### Task instructions:
Instruction for the entries below: return the part that opens with the line containing "具體執行過程中,用戶會通過前" and closes with the line containing "The AD BL 2572-III", exactly, and no pictures.

### Data for this task:
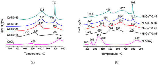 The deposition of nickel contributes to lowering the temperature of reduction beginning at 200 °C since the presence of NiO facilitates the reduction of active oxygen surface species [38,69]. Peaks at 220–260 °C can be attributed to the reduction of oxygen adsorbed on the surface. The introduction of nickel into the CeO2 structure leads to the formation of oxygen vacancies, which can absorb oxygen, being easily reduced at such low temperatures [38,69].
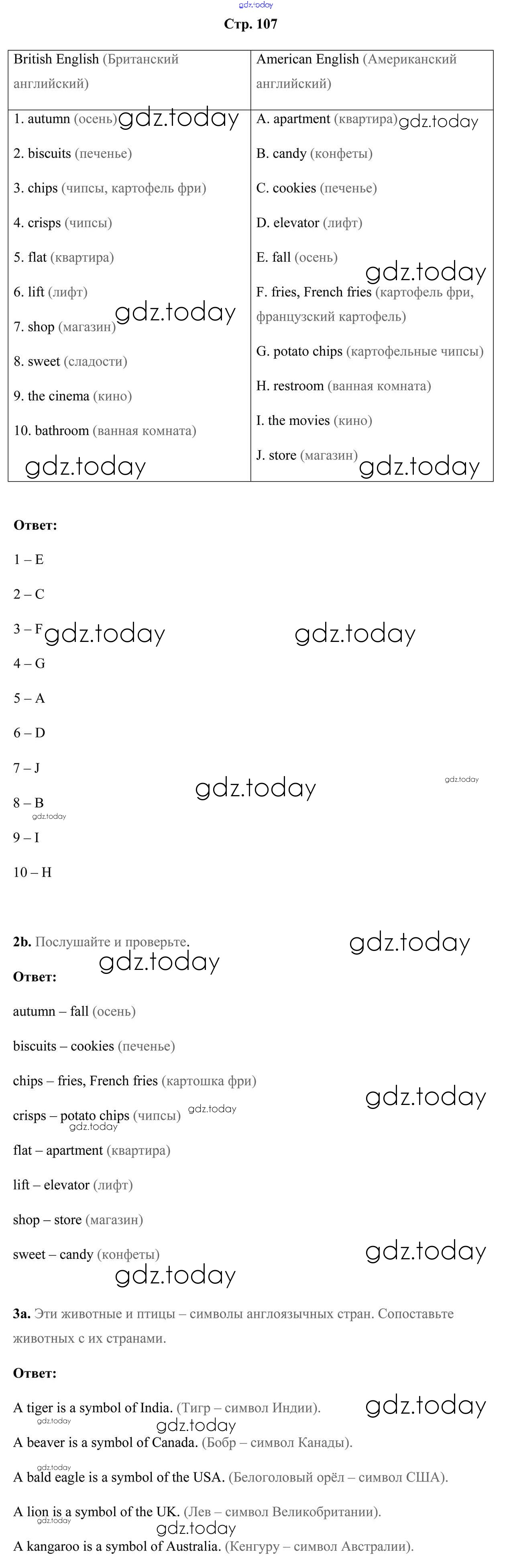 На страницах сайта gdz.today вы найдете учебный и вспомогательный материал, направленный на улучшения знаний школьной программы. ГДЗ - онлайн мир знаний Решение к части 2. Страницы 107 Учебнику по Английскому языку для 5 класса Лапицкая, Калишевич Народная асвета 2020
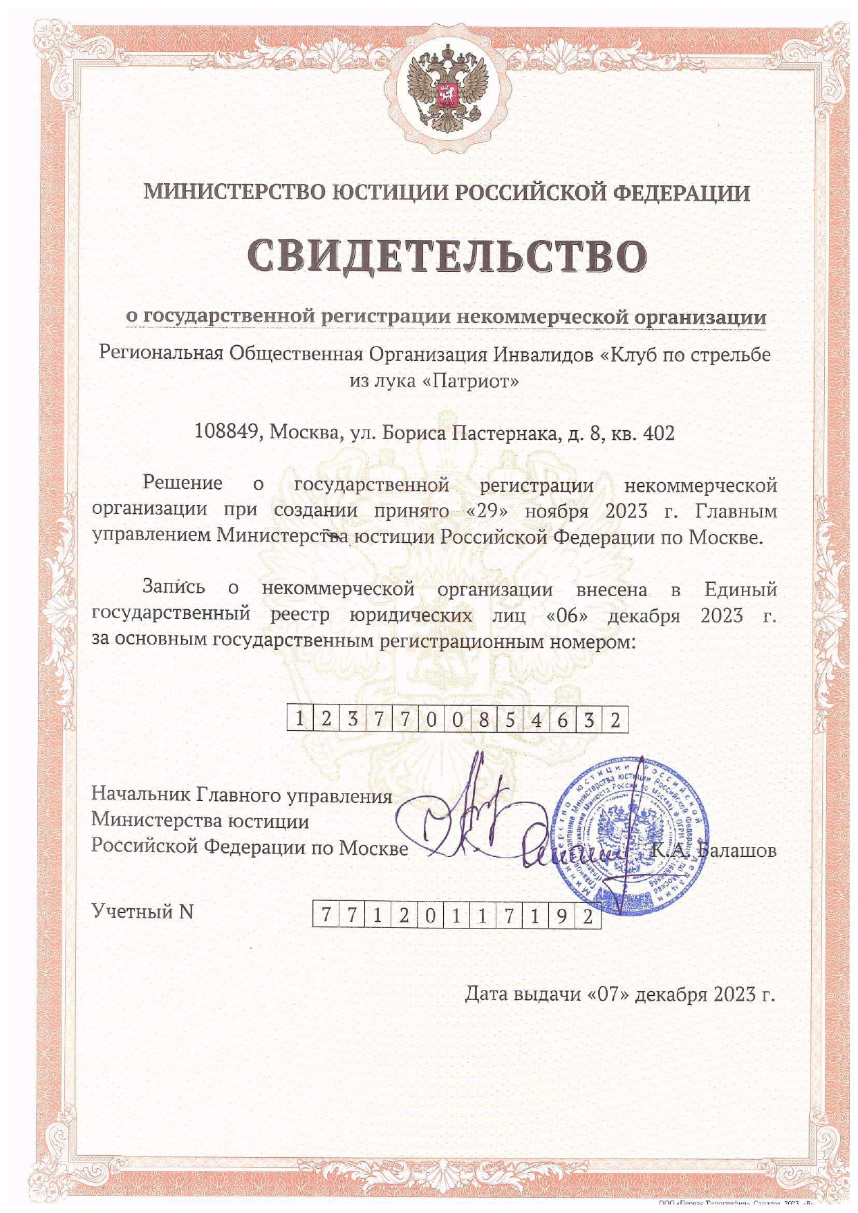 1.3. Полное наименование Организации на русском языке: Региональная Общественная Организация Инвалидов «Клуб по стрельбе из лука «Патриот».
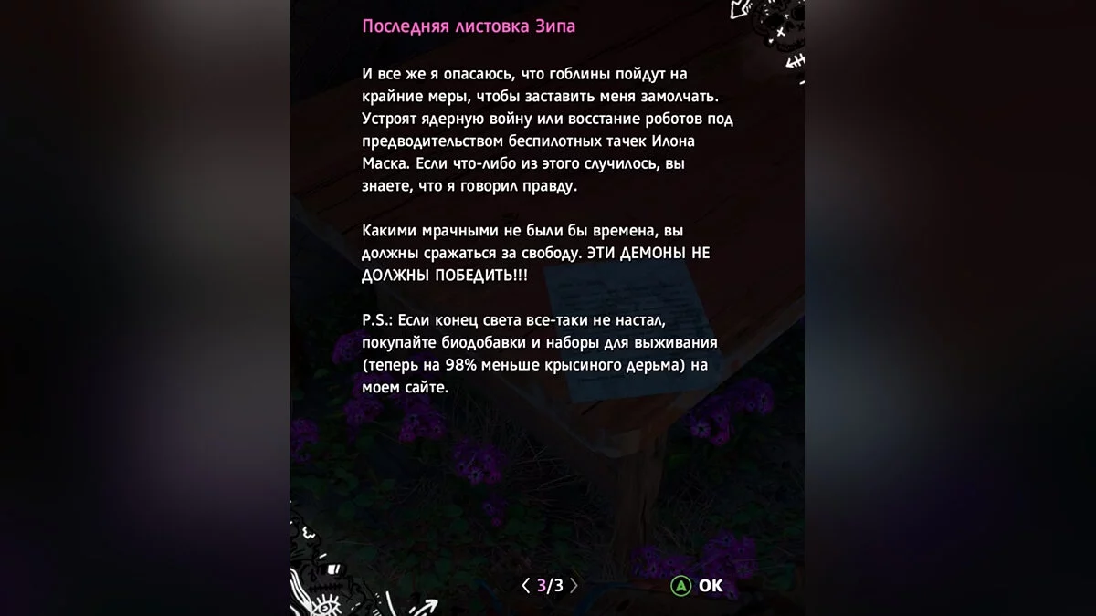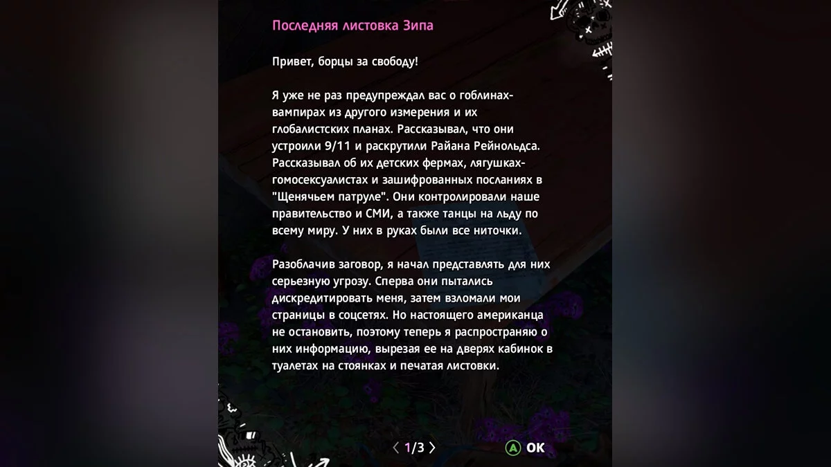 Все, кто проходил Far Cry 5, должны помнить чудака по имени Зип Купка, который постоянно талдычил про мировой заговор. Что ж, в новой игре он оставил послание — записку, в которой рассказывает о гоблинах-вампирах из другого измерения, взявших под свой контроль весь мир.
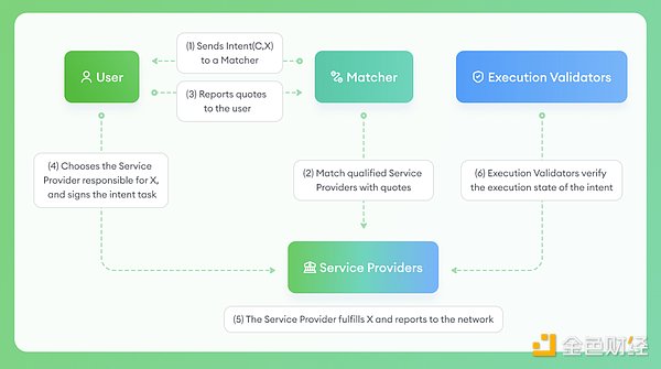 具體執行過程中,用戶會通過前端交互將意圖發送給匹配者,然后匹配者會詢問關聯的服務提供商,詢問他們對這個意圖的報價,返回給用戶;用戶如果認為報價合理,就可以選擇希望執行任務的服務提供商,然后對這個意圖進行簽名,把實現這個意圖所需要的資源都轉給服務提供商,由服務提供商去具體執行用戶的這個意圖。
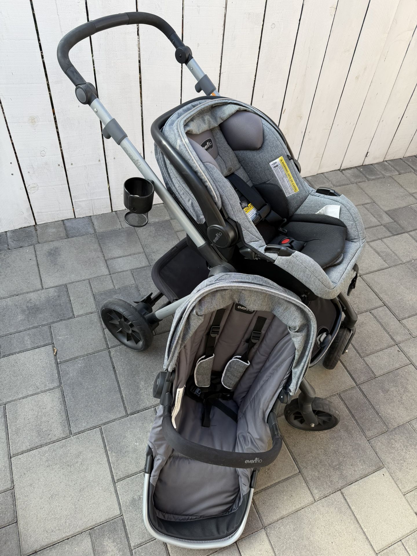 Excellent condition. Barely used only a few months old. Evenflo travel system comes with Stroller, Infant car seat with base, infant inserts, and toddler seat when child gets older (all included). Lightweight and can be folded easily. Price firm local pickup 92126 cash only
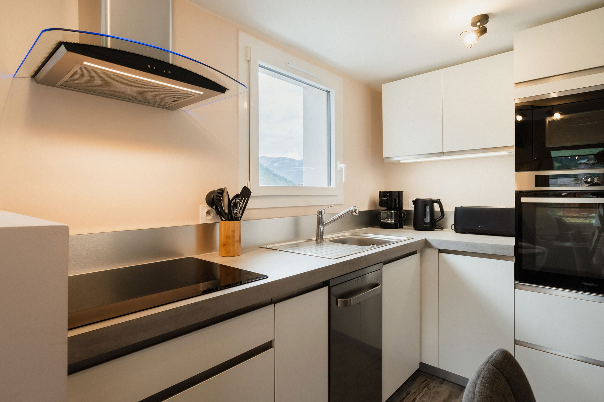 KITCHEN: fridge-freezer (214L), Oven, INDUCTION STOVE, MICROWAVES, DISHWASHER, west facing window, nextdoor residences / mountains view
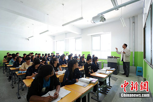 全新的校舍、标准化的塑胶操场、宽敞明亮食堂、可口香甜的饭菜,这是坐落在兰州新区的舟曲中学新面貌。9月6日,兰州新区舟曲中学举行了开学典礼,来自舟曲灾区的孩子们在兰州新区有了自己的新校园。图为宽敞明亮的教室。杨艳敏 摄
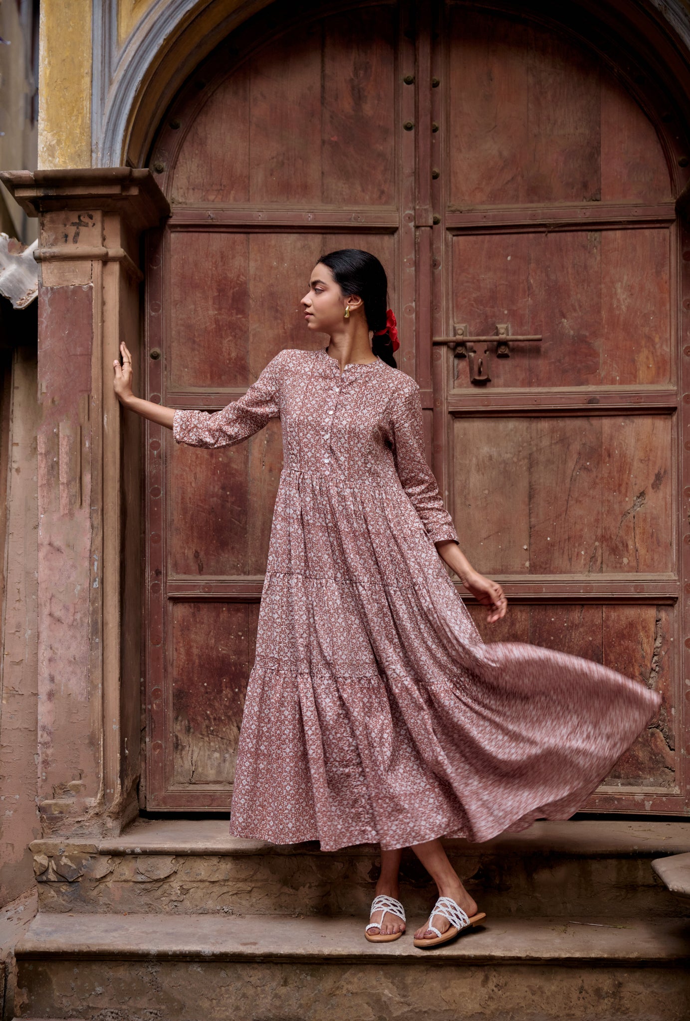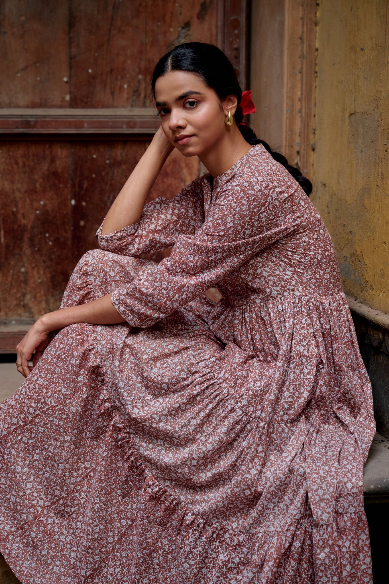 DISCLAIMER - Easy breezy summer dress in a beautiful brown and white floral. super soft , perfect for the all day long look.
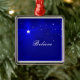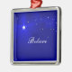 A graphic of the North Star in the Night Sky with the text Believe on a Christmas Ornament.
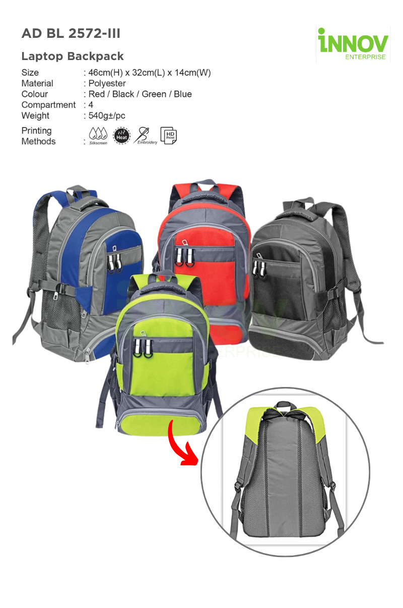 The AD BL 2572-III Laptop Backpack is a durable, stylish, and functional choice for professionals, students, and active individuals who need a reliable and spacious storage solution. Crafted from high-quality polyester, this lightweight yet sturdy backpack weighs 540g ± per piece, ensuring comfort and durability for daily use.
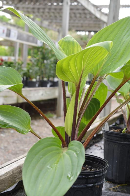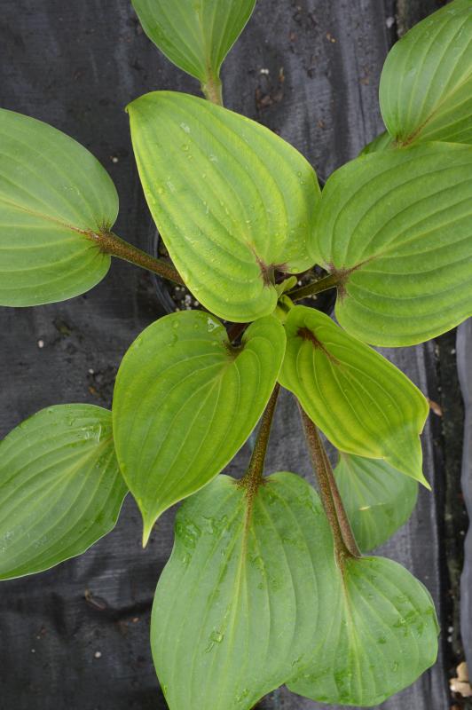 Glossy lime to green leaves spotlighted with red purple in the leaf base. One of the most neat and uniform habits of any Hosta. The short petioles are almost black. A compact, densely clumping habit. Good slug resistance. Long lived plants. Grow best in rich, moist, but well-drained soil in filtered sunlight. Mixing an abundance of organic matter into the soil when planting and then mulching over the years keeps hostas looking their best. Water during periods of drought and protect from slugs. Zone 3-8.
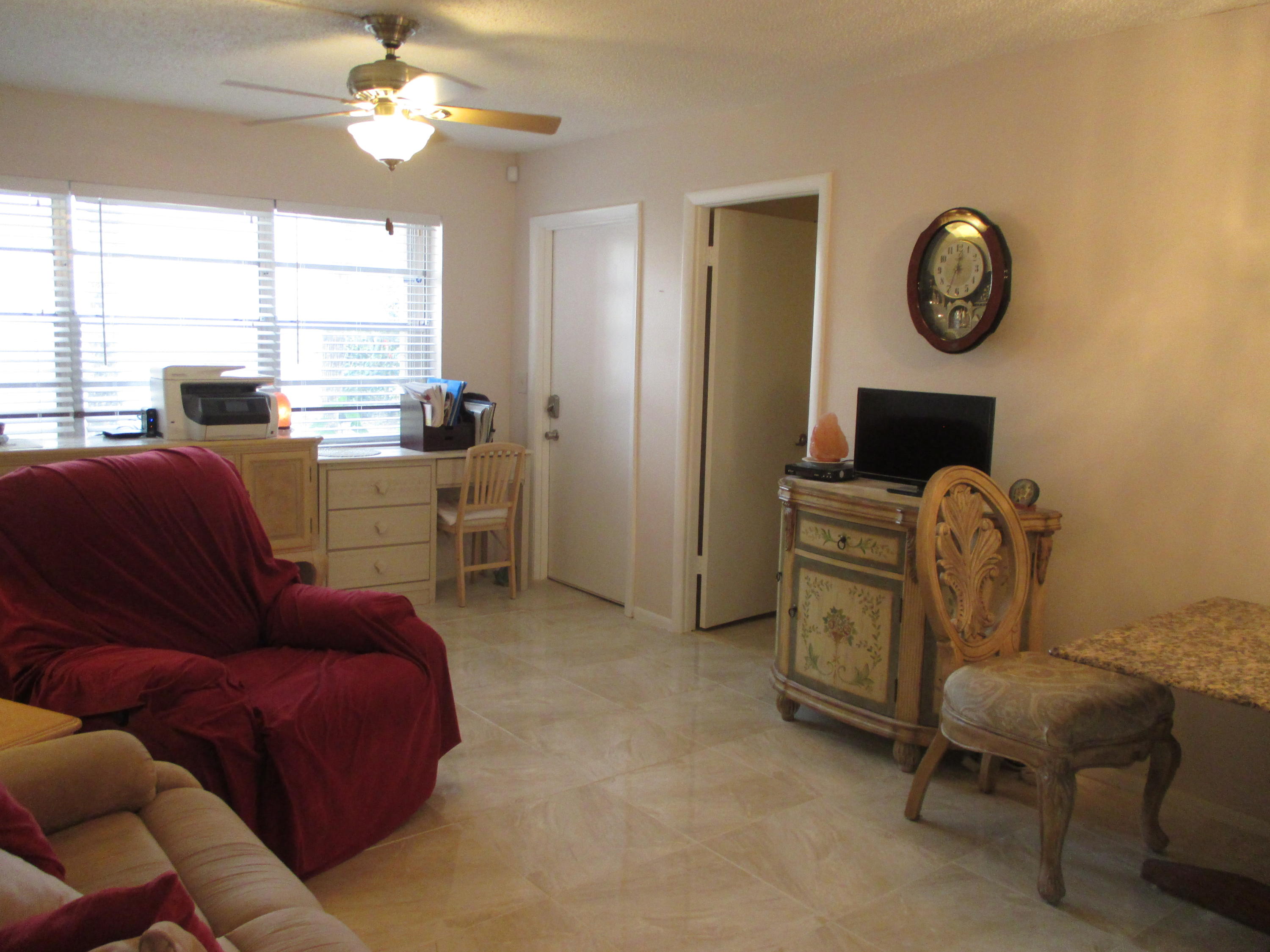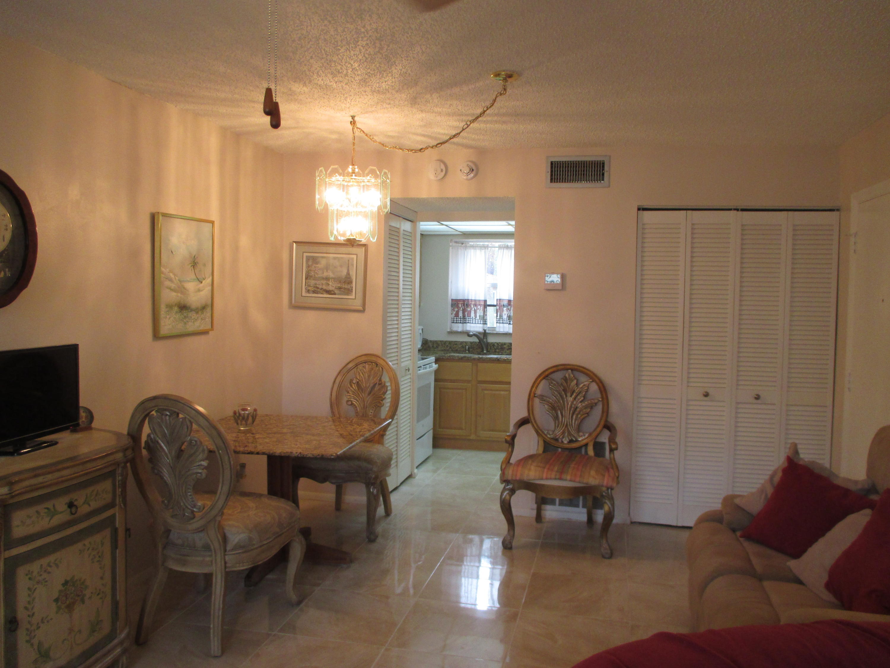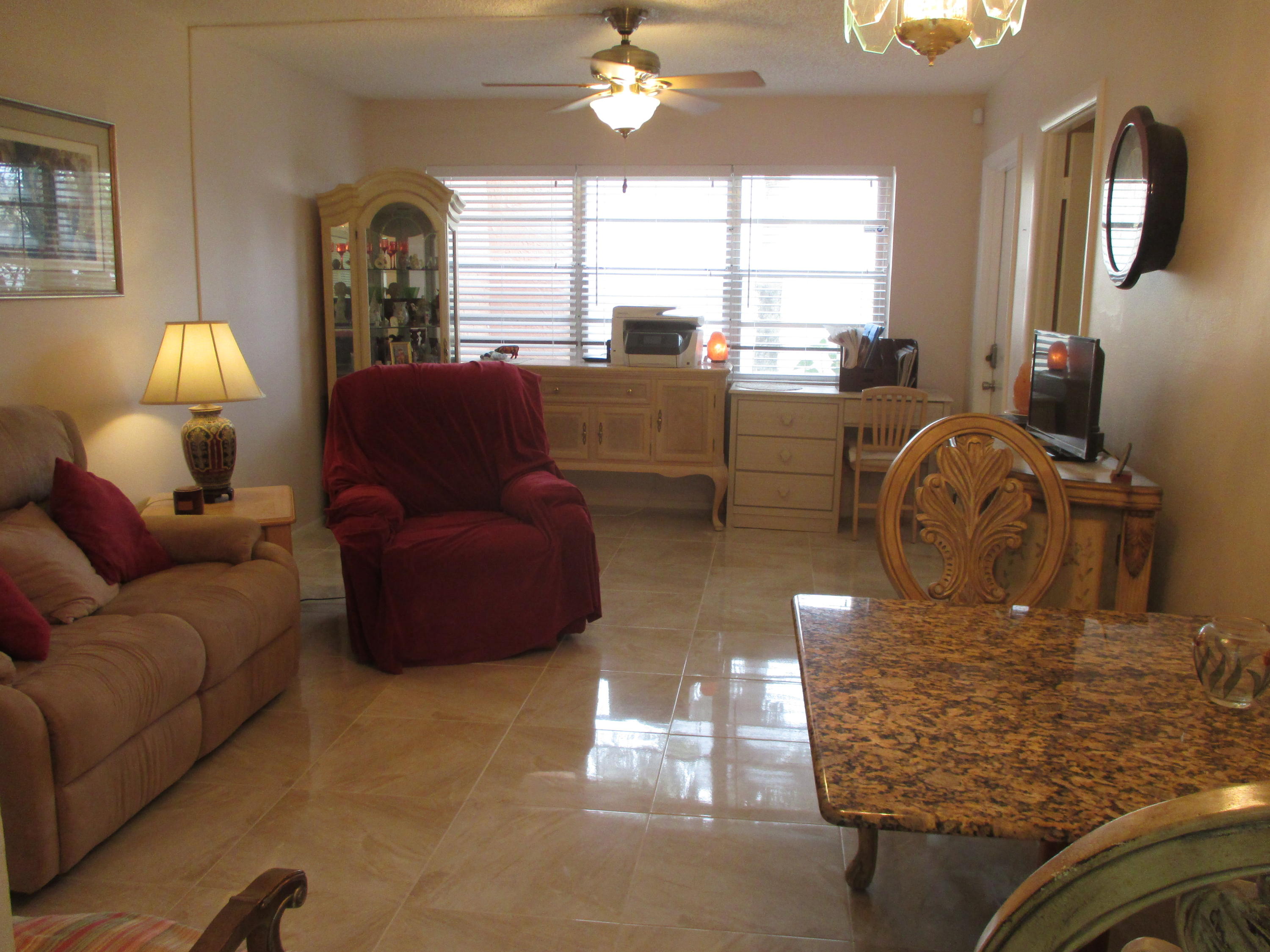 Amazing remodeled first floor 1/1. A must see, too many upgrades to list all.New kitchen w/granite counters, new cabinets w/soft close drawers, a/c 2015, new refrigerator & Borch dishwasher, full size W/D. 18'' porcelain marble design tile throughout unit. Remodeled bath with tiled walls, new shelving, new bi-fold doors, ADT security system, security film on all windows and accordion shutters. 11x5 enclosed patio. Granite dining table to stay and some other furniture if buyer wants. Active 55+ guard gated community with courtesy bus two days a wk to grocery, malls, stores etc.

### Written answer:
 具體執行過程中,用戶會通過前端交互將意圖發送給匹配者,然后匹配者會詢問關聯的服務提供商,詢問他們對這個意圖的報價,返回給用戶;用戶如果認為報價合理,就可以選擇希望執行任務的服務提供商,然后對這個意圖進行簽名,把實現這個意圖所需要的資源都轉給服務提供商,由服務提供商去具體執行用戶的這個意圖。
 Excellent condition. Barely used only a few months old. Evenflo travel system comes with Stroller, Infant car seat with base, infant inserts, and toddler seat when child gets older (all included). Lightweight and can be folded easily. Price firm local pickup 92126 cash only
 KITCHEN: fridge-freezer (214L), Oven, INDUCTION STOVE, MICROWAVES, DISHWASHER, west facing window, nextdoor residences / mountains view
 全新的校舍、标准化的塑胶操场、宽敞明亮食堂、可口香甜的饭菜,这是坐落在兰州新区的舟曲中学新面貌。9月6日,兰州新区舟曲中学举行了开学典礼,来自舟曲灾区的孩子们在兰州新区有了自己的新校园。图为宽敞明亮的教室。杨艳敏 摄
 DISCLAIMER - Easy breezy summer dress in a beautiful brown and white floral. super soft , perfect for the all day long look.
 A graphic of the North Star in the Night Sky with the text Believe on a Christmas Ornament.
 The AD BL 2572-III Laptop Backpack is a durable, stylish, and functional choice for professionals, students, and active individuals who need a reliable and spacious storage solution. Crafted from high-quality polyester, this lightweight yet sturdy backpack weighs 540g ± per piece, ensuring comfort and durability for daily use.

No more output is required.